My pipeline currently uses GATK v3.4, and it follows previous Best Practices guideline as follows (Lane Level : Map + Sort + Dedup + Realign + Recalibrate ; All-Lanes-Merged-Sample Level : Sort + Dedup + Realign).

I have 4 lanes of data per sample (from Nextseq500 instrument) and our exome fastq.gz files can be as large as ~20 million reads in both paired-end reads. Steps Realign + Recalibrate at lane level are time consuming, and skipping these 2 steps at lane level, and including the Baserecalibration step at merged sample level, as according to new recommendation, decreases my overall processing time.

If I switch to GATK v3.5, would indels will be properly realigned in high-depth regions, even though I skip lane-level-realignment ?

Thanks,
mglclinical

@mglclinical These recent edits don't reflect any significant change of operation in the tools, just a shift in pipeline implementation philosophy. While indel realignment used to be very important when we were calling variants with UnifiedGenotyper, the HaplotypeCaller's ability to perform its own realignment has reduced the importance of the pre-processing realignment. It is still performed because it can produce benefits for base recalibration, but now we're satisfied with a best-effort pass per-sample, as opposed to the more thorough pass that can be achieved per-lane.

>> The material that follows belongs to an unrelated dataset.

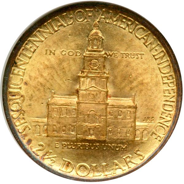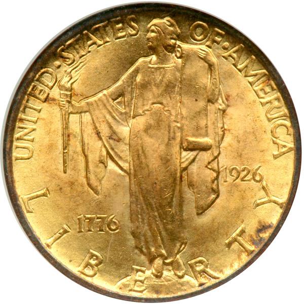 1926 Sesquicentennial Gold $2.50. NGC graded MS-64 PQ. Nice gold toning, has a smooth flow of golden frost from center to periphery.
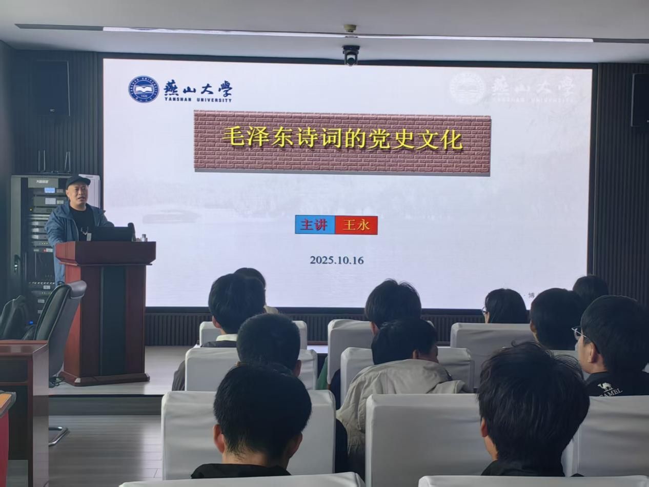新办公楼113会议室开展《毛泽东诗词的党史文化》专题党课,学院34名学生党员和30名发展对象参与学习。

So as long as you're calling variants with HaplotypeCaller, you can follow the new recommendations with either version without concern.

Geraldine Van der Auwera, PhD

• USAMember Posts: 95

@Geraldine_VdAuwera thanks for the quick clarification

• New York, NYMember Posts: 9
edited March 2016

Maybe I'm confused, but with the new shift in philosophy, there seems to be minimal value in aligning, sorting and de-duping the lane-specific fastq's now. Given the current philosophy, it does not appear that there would be much difference between any of the following approaches:
* GATK best practices: per-lane align, per-lane sort, per-lane de-dup, merged, re-sort, re-dedup, re-align, ....
* per-lane align, merge, sort, de-dup, re-align, ....
* concat fastq's, align, merge, sort, de-dup, re-align, ....

The article above states that the per-lane sorting reduces the complexity of the subsequent analysis, but unlike the previous suggested practice (which was aimed to reduce lane-specific artifacts and improve alignment accuracy), there seems to be little value in the additional computation).

Am I missing something? If not, would it make sense to modify the article to state that if you are using the UnifiedGenotyper, you should follow the old instructions; otherwise, if you are using the HaplotypeCaller, you can follow the updated instructions, or just follow one of the simpler pipelines that I just listed?

@Geraldine_VdAuwera said:
@mglclinical These recent edits don't reflect any significant change of operation in the tools, just a shift in pipeline implementation philosophy. While indel realignment used to be very important when we were calling variants with UnifiedGenotyper, the HaplotypeCaller's ability to perform its own realignment has reduced the importance of the pre-processing realignment. It is still performed because it can produce benefits for base recalibration, but now we're satisfied with a best-effort pass per-sample, as opposed to the more thorough pass that can be achieved per-lane.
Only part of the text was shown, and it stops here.